А тот своё знай, твердит,

— да вышел я, на воде стою.

-Где? МашИ! На какой ты воде? … (мат перемат) и так далее, и так далее…

Парень мой совсем трясётся весь, с отчаяньем уже гляжу еле справляется, на носу капля повисла.

Растянулись мы, по верхушкам камышей лодками шуршим, глазами шарим. Не знаю чем бы могло закончиться все это приключение, только вдруг гляжу, царица небесная, пакет беленький узлом в воде бултыхается на подломленных стебельках. Кто-то добрый до нас уже постарался, повесил, спасибо ему.

— Парни! Гляди! Рядом где-то!

Приободрились, захлопали вёслами с новой силой, как будто соревнование за приз назначили, кто быстрей вход найдёт. У меня двойной стимул первым прийти, мой-то сзади подвывает уже потихоньку, мне самому сушиться надо, да ещё его переодеть, а палатка не ставлена, под дождём все это дело придётся осуществлять.

Нашли вход, ну ясен перец, никто перед входом нас не ждёт. Идём по узкому коридору в камышах, стены вёслами взмахнуть не дают как следует, цепляются. Раз оттолкнёшься, два упрёшься. Гляжу Лысый вперёд вырывается, рукавами помогает.

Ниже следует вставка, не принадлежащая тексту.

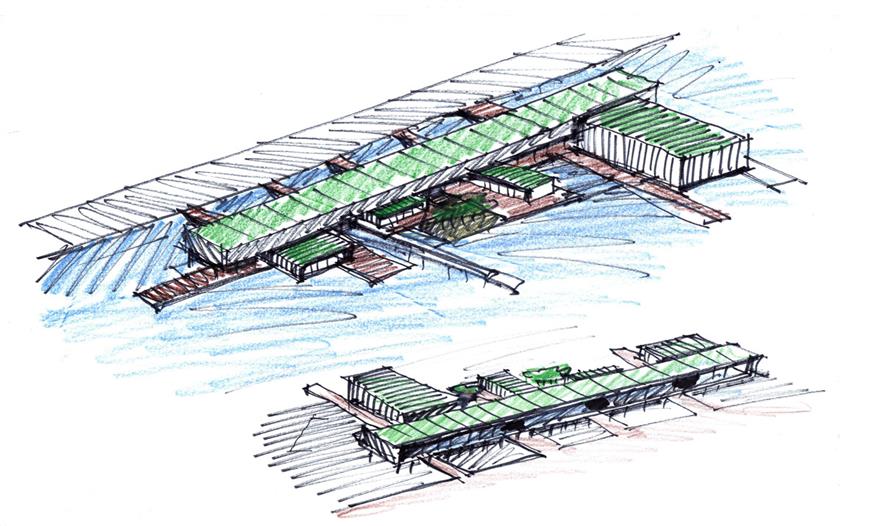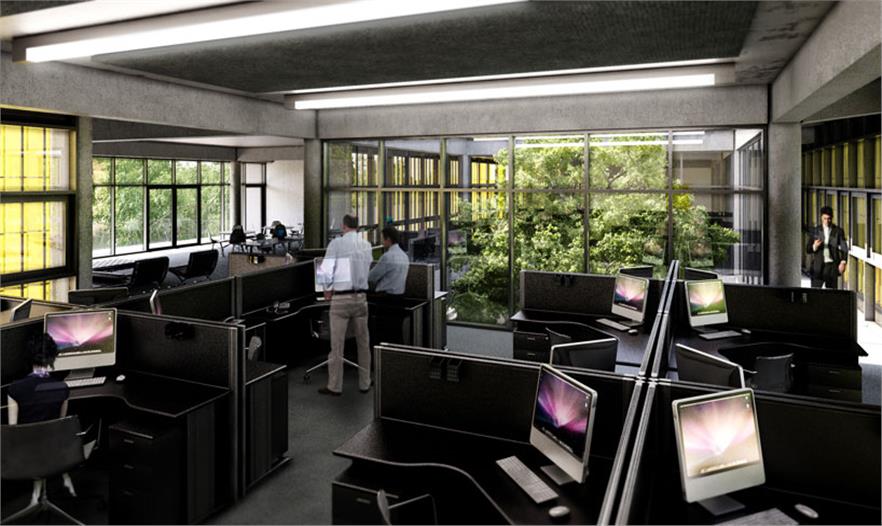 建筑主體包括三部分:行政大樓、創(chuàng)業(yè)孵化中心和維護(hù)中心。雖然這三個部分是獨立的,但是它們有一個共同特點,都使用了工業(yè)化建筑體系,如使用預(yù)制混凝土建造。此外,自然通風(fēng)系統(tǒng)、照明和大開孔的使用和控制,在建筑和風(fēng)景之間建立了連續(xù)的聯(lián)系。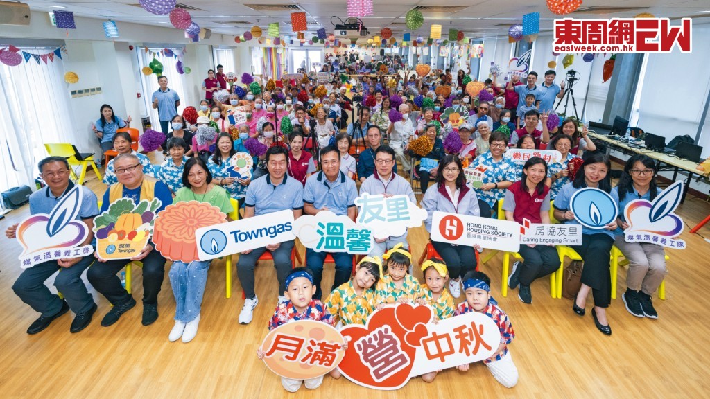 煤氣公司今年再度攜手房協,連續第四年於房協位於堅尼地城的出租屋邨觀龍樓舉辦「温馨•友里賀中秋」活動,今年特別希望在中秋佳節推廣「健康飲食」及宣揚關愛鄰里的信息,因此活動現場的攤位遊戲均以「健康飲食」為主題。在「煤氣温馨義工隊」及「房協友里」義工的協助下,參加者於遊戲中學到很多關注健康飲食及關心鄰里的資訊,並收獲了滿滿的遊戲獎品。煤氣公司常務董事黃維義和房協行政總裁兼執行總幹事陳欽勉亦出席活動,參與遊戲,樂也融融。活動開始時先有房協樂民新村居民為大家帶來跨代舞表演「玩轉老朋友」帶動氣氛,其後各嘉賓上台進行燈籠揭幕儀式。黃維義致辭時表示,很高興煤氣公司與房協在很多社區工作都合作無間,彼此的共同目標都是為大家建立一個温馨的家,「今年的中秋活動主題與飲食有關,這正是煤氣公司的強項之一,希望各位長者都能夠『食得健康、活得有營』。」陳欽勉亦表示:「房協非常開心與煤氣公司合作,期望透過彼此的優秀義工隊伍將『温馨』和『友里』兩大理念傳遞出去。」他更盛讚煤氣公司近年推出的智慧型產品能更全面保障用戶,尤其是長者的家居安全,希望未來大家都有更多具前瞻性、創新的服務及產品予大家。二人其後與在場參加者大玩猜燈謎遊戲,明星義工劉錫賢和蘇恩磁即場獻唱金曲,最後義工們更送上精心準備的中秋福袋,場面温馨熱鬧。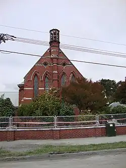 The vicar of Phillipstown, Rev Hannibal James Congdon Gilbert, teamed up with an accountant (James Bowlker) and a storeman (Lewis Aylwin Carrell) to purchase the land for the church for £380 in September 1881. They onsold the Church Property Trustees for a nominal ten shillings in March 1883.[2] The church, constructed in 1885, was designed in the Gothic Revival style with red brick with contrasting bands of stone, reflecting contemporary English architectural style[1] A similarly detailed but larger church, St Johns Cathedral, was designed by Mountfort and built in Napier between 1886 and 1888.[2] This was destroyed by the 1931 Hawke's Bay earthquake and thus left the Church of the Good Shepherd as Mounfort's only surviving brick church.[2]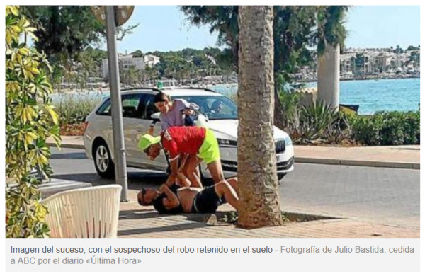 Заметка - "Dos turistas franceses reconocen y retienen al ladrón que dos días antes les había robado en la Playa de Palma".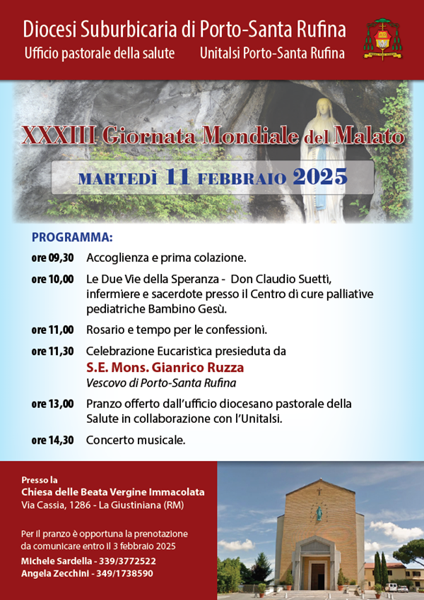 L'11 febbraio 2025 si terrà in parrocchia la giornata diocesana del malato.
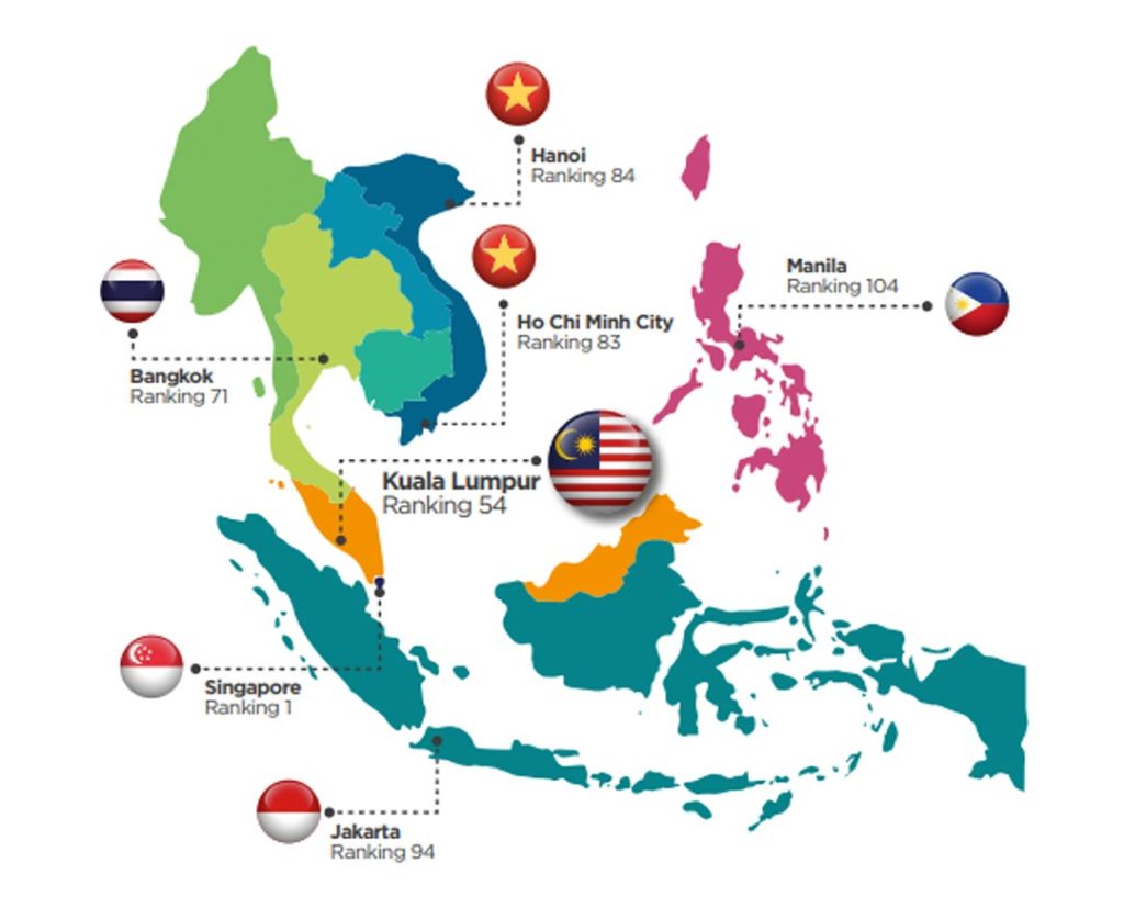 Figure 1-1 shows that Kuala Lumpur ranked 54 on the Global Smart City Index 2020 which ranks cities based on economic and technological data. Kuala Lumpur is the second city after Singapore among all major ASEAN cities in this ranking.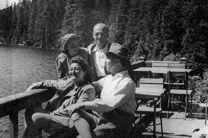 In 1938 or 1939, my sister organized a trip to the High Tatras. My sister, Magda Erdelyiova, is sitting on the left in the photograph, and her boyfriend, the veterinarian Dr. Klement, who changed his name from Klein, is standing on the left. I don’t recognize the other people in the photograph.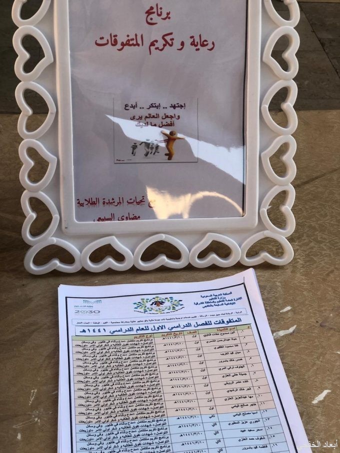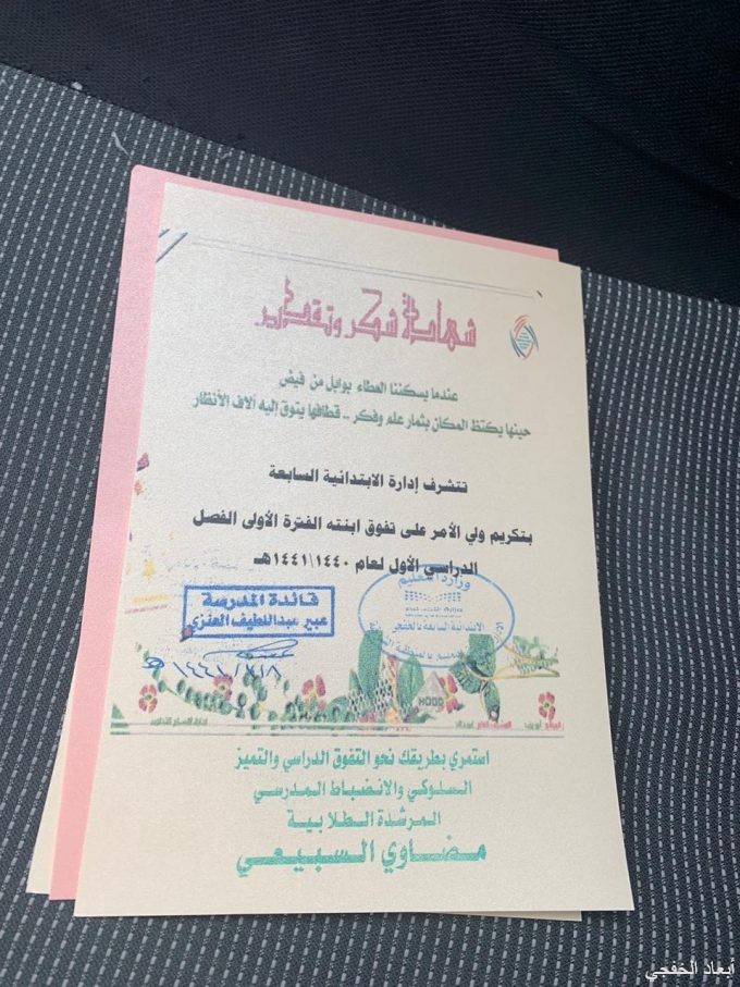 في بادرة جميلة لاقت إستحسان أولياء أمور الطالبات في الإبتدائية السابعة بالخفجي حيث بادرت المدرسة في تكريم الطالبات المتفوقات وذلك من خلال توزيع بطاقات التهنئة وإستلامها من قبل أولياء الأمور بعد تجهيز مكان بالقرب من مدخل المدرسة .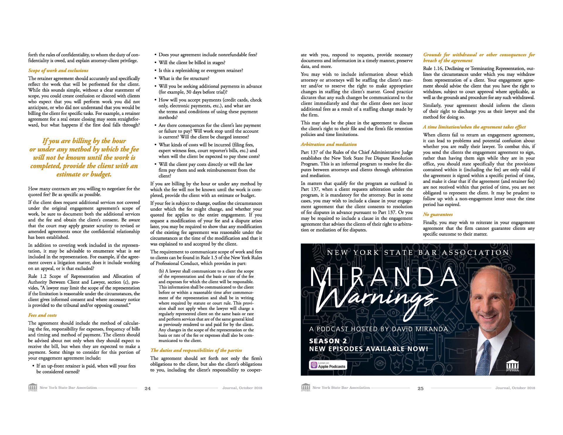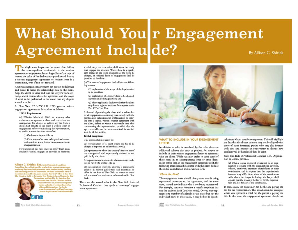 What Should Your Engagement Agreement Include – NYS Bar Journal October 18

Видать жажда мщения его подталкивает, думаю, вырвется на оперативный простор первый…привет Обмороку и родителям. Все же выскочил он на берег первым, подмог в последний миг себе мотором, подлетел к Обмороку, но бить не стал, толкнул плечом, да покричал что-то на непереводимом ни на один другой язык диалекте.

Картина маслом, которая своей наивностью наверняка спасла в этот миг Обмороку, если не жизнь, то веснушки на физиономии точно. Стоит он в том месте где канал в берег упёрся и образовал лужу, на которой все прибывающие лодки оставляют, держит фонарик в районе гульфика и производит им движения, какие осуществляют любители подлёдного лова удочкой, обеспечивая замысловатую игру мормышки.

Ну что с него спросишь, говорю же, чудак он, каких поискать.

Стали на ночь устраиваться, палатку воткнули. Оба спальника намокли, один сверху, другой снизу. Расстегнул их, мокрым под коврики запихал. На сухую половину сынулю положил, вторым сухим крылом сверху прикрыл. Он, надо сказать, мужественно отвергал излишнее внимание, сам переоделся в новое, от растирания правда отказался. Я, кстати, тоже, но внутрь пять капель все же принял, мало ли вирус какой.

Потом проснулся Олегыч, долго переживал, сетовал и стыдился своим ребячьим сном. Переодел Обморока в свой старый камуфляж, не ходить же ему мокрым, этого даже младенцы бессознательные не любят. Выпили по очередной, подобрели. Объяснили уже вкратце товарищу этому как да что. Лысому конечно тоже на вид поставили, чтоб впредь не пускал на самотёк, так-то самим дороже.

Как палатку поставить, я Обмороку уже на следующий день показал, сегодня устал уже что-то, ноги не держат. В принципе парень то он не вредный, запущенный только, его так-то Славиком зовут, если кому интересно.